Beyond Blanket Masking: Examining Granularity for Privacy Protection in Images Captured by Blind and Low Vision Users¶
Reading Notes¶
Visual assistant systems leverage VLMs but can also expose personal information, specially when used by vision impaired users that don't even know that they are seeing personal data. The authors propose a framework to improve personal information masking by a fine-grained segmentation rather than coarse-grained, preventing non-personal information from being masked by accident.
They say that their system preserves +26% of image content, provide useful responses 11% and identify image content by 45%, but doesn't state this numbers compared to what.
They argue that by specifically masking only the critically private data, they can enhance the ability of VLMs to help the blind and visually impaired users. For example, instead of masking the whole financial form, they mask only the high-risk information, they can still provide form information for the Q/A system.
They evaluate how well their system can mask fine-grained information, and how this fine-grained masked images can enhance Q/A performance of VLMs.
In the end of the introduction they properly state their gains: compared to the ratings of full-object masking.
they calculated a risk score based on the Identity Ecosystem Graph, and the Identity Threat Assessment and Prediction (ITAP) dataset, which contains 5,906 news reports of identity theft. By linking each kind of information with its resulting consequences they established a risk score to determine the relevancy of each personal information.
Based on the Identity Threat Assessment and Prediction (ITAP) dataset, which contains 5,906 news reports of identity theft, a risk score is computed and used to evaluate if each piece of detected personal information is of high or low risk, masking those of high risk while leaving the low risk untouched.
They leverage VLMs to detect possible private information, and to draw a bounding box around it. Then, they crop it and rotate it to help the text detection. They use OCR to recognize texts and another VLM to enhance the bounding box and correctly align to the original coordinate space. Finally, they assess the risk score of the detected information, if it is considered of high-risk, the region is masked.
To experiment they framework they employ the BIV-Priv-Seg dataset, containing images captured by blind and low-vision users on private objects with 'props' information. They compare the proposed framework with two other strategies: complete masking with full-object masking and fine-grain masking of all information related to private object.
The images processed by these three distinct approaches are then used in a VQA task, synthesized by the authors. The first step is Object Recogition, where they ask a VLM if a personal object is present in the image, computing model's likelihood of answering "yes". The final step is to ask BLV users relevant questions based on the VizWiz dataset. Since they don't have ground-truth asnwers for these questions, they only ask if the question is answerable or not.
They conducted a human annotation study to rate the quality of those three different masking strategies. The performance could not be improved when the private object was not the focus of the question.

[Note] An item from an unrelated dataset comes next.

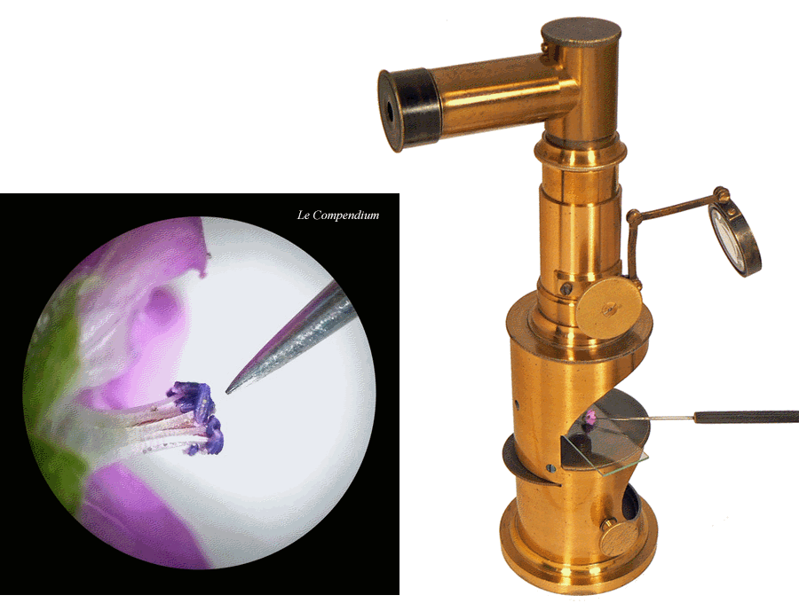 Nous utilisons ici le "microscope achromatique simplifié" construit par LEREBOURS vers 1850, dans sa version horizontale, c'est-à-dire muni d'un renvoi à angle droit par prisme à reflexion totale. Notre oculaire à prisme redresseur a remplacé l'oculaire classique. Les deux prismes, celui du renvoi coudé et celui de l'oculaire sont croisés c'est-à-dire que leurs arêtes sont horizontales pour le premier et verticales pour le second. A travers l'instrument ainsi équipé, les déplacements de l'extrémité de "l'aiguille montée", qui est sur le point de toucher le groupe d'étamines d'une fleur, sont suivis comme à l'œil nu. Sur la photographie du microscope, la pointe métallique est - pour un observateur placé correctement - en haut et à droite de la platine c'est-à-dire dans le premier quadrant. Il en est de même de l'image vue à travers le microscope.

For some cases, their framework performed better, but for some cases "many questions relate to information that falls near the boundary of being high-risk".
Summary and contribution¶
Recently, visual assistant systems powered by visual language models (VLMs) have become more prevalent. However, specially for the visually impaired users, the presence of private information in the images being capture can negatively impact the capabilities of such systems. Common approaches for such privacy concerns involve coarse-grained masks that, while protecting private information, can potentially hide the whole private object and, by doing so, prevents VLMs for answering questions related to the target object. To address this issues, the paper proposes a fine-grained privacy protection framework capable of hiding private information whilst keeping the private object visible and detectable by the visual assistant system. The framework leverages VLMs and a computed risk score to detect, segment, orient and efficiently mask high-risk private information in a fine-grained level, keeping the low-risk information and the whole object still visible. Such approach was able to preserve more image content, enhance the ability of VLMs to provide useful responses and to identify the image content.
Strengths¶
Consider the significance of key ideas, experimental or theoretical validation, writing quality, data contribution. Explain clearly why these aspects of the paper are valuable.
The paper addresses an important and noble research field. VLMs are becoming more prevalent in a variety of areas, and their ability to enhance visual assistant systems is really promising. The paper is well-written and objectively describes its contributions and proposed framework. The experimental setup is well-defined and successfully evaluates the capabilities of the proposed framework.
Weaknesses¶
The paper didn't further investigate the shortcomings of its proposed method, only reporting where it didn't perform so well, and superficially stating that it was due to borderline confidence. The results reported in its abstract was a little confusing, and only by reading through the introduction it became clear that their results were based on the common approach of full-object masking. Finally, it also lacked a session or sentence about future works.
Justifying the rating¶
What are the most important factors in your rating?
The paper proved to be relevant, promising, and well-written. The proposed framework is clever, simple and efficient, and leverages the same VLMs tools it is set to help improve.
Comments to authors¶
The results in the abstract should state that they are compared to full-object masking. A comparison of the proposed framework with a standard deep learning network should prove interesting and could further highlight the contribution. Finally, a deep exploration of the shortcomings of the proposed method and some hints of possible future works would help improve the robustness of the paper.